Recorded information below:
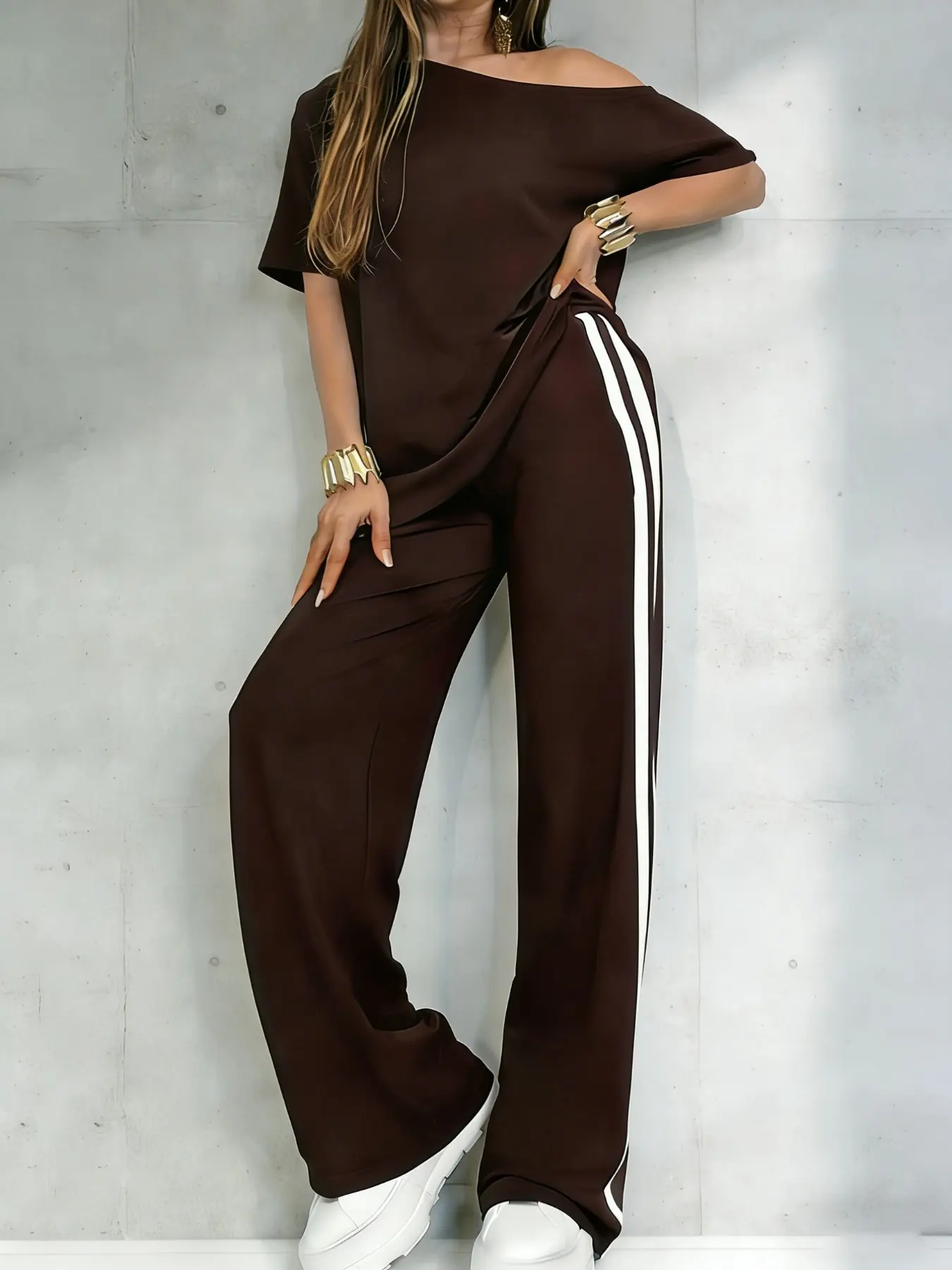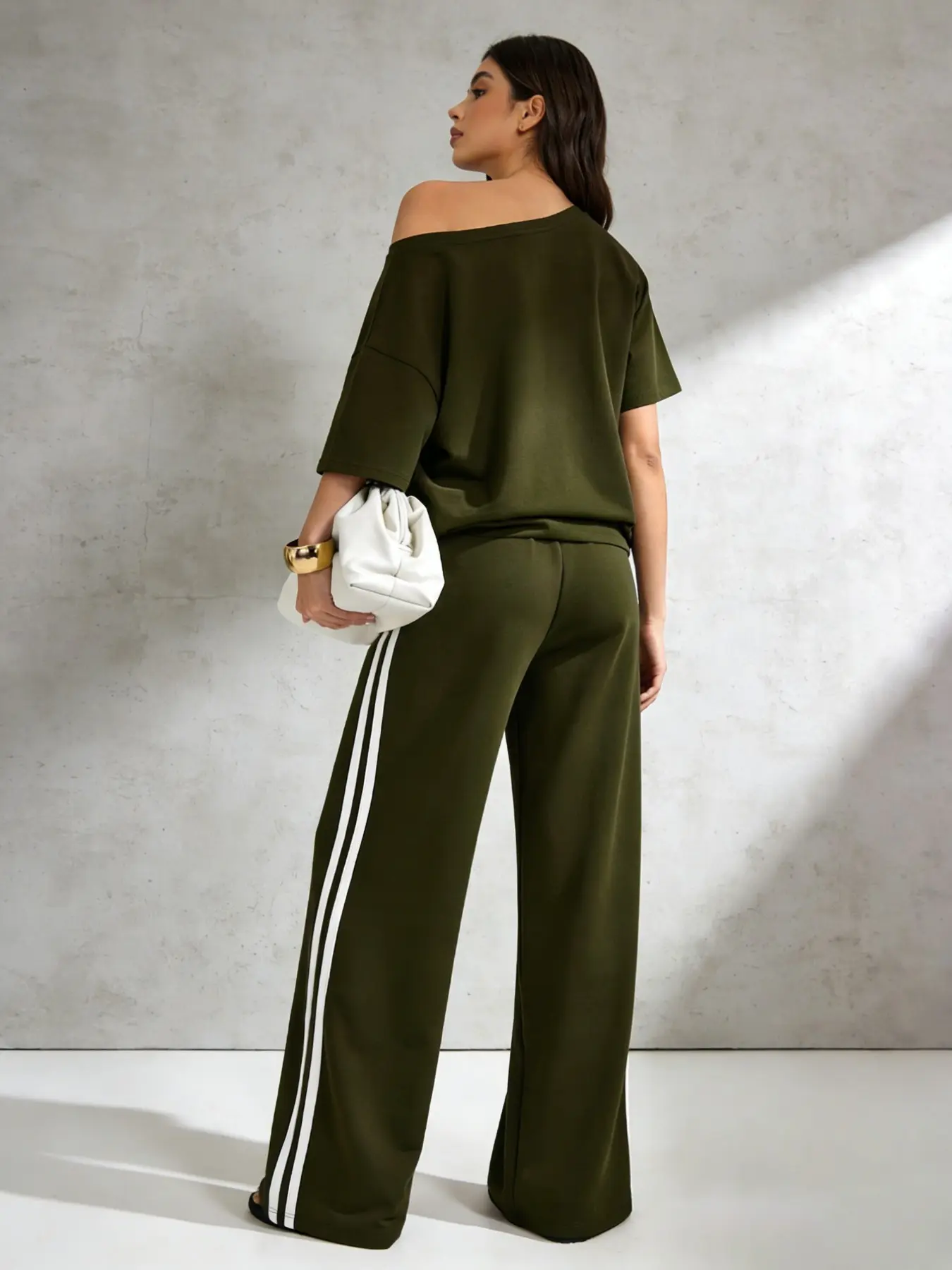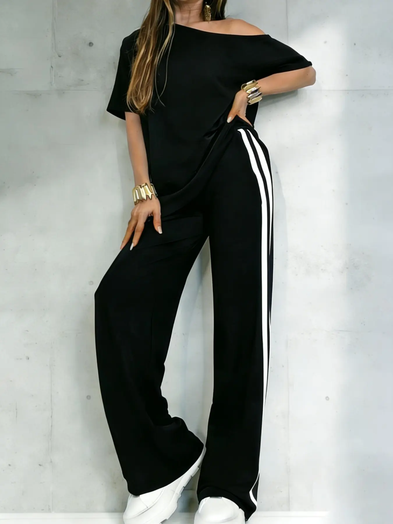 Women's Casual Sportswear Set, One-Shoulder Short Sleeve Top and Striped Long Pants, Spring Summer Two-Piece, Versatile Fashion
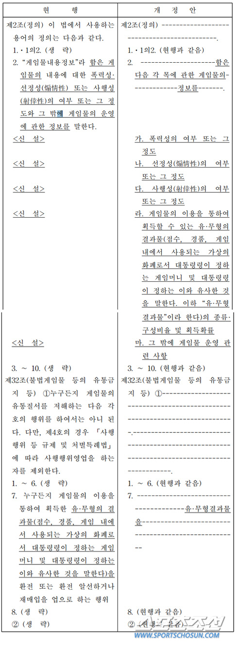 이에 게임물의 이용을 통하여 획득할 수 있는 점수·경품·게임 내에서 사용되는 가상의 게임머니 등의 유·무형의 결과물의 종류·구성비율 및 획득확률 등에 관한 정보가 게임물내용정보에 포함되도록 정의규정을 보완하여 게임물의 유통 및 등급표시 등에 반영되도록 함으로써 확률형 아이템 판매 게임물이 건전한 게임물로 이용되게 하려는 것임
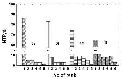 The ability of neutrophils to reduce nitro-blue tetrasolium (NBT), expressed as percent reducing neutrophils was evaluated by a common method [11]. In brief an aliquot of blood (50 mkl) was taken from a blood sample, mixed with 50 mkl of 0,1% NBT solution in 0,15 M Na-P buffer (pH 7,2), the mixture was incubated at 37 oC for 20 min and at 20 oC for 20 min. Blood was smeared on a slide, dried out, fixed with methanol for 10 min. Slides were dyed with methylene green. 100 neutrophils were counted at each slide. NBT test was considered positive when dark blue diformasan granules (the product of NBT reduction) occupied from 5 to 100% of neutrophils cytoplasm. All the cells were grouped in 6 ranks according to their activity: range 1 -- 0%, range 2 -- 5-7%, range 3-- up to 30%, range 4 -- 30-50%, range 5 -- 50-90%, range 6 -- 100% of cytoplasm is filled with reduced diformasan granules.
End of Recorded information.
Task description. Give back the material exactly as written, from its first line to the line that contains "이에 게임물의 이용을", and leave out the pictures.

Reply.
 Women's Casual Sportswear Set, One-Shoulder Short Sleeve Top and Striped Long Pants, Spring Summer Two-Piece, Versatile Fashion
 이에 게임물의 이용을 통하여 획득할 수 있는 점수·경품·게임 내에서 사용되는 가상의 게임머니 등의 유·무형의 결과물의 종류·구성비율 및 획득확률 등에 관한 정보가 게임물내용정보에 포함되도록 정의규정을 보완하여 게임물의 유통 및 등급표시 등에 반영되도록 함으로써 확률형 아이템 판매 게임물이 건전한 게임물로 이용되게 하려는 것임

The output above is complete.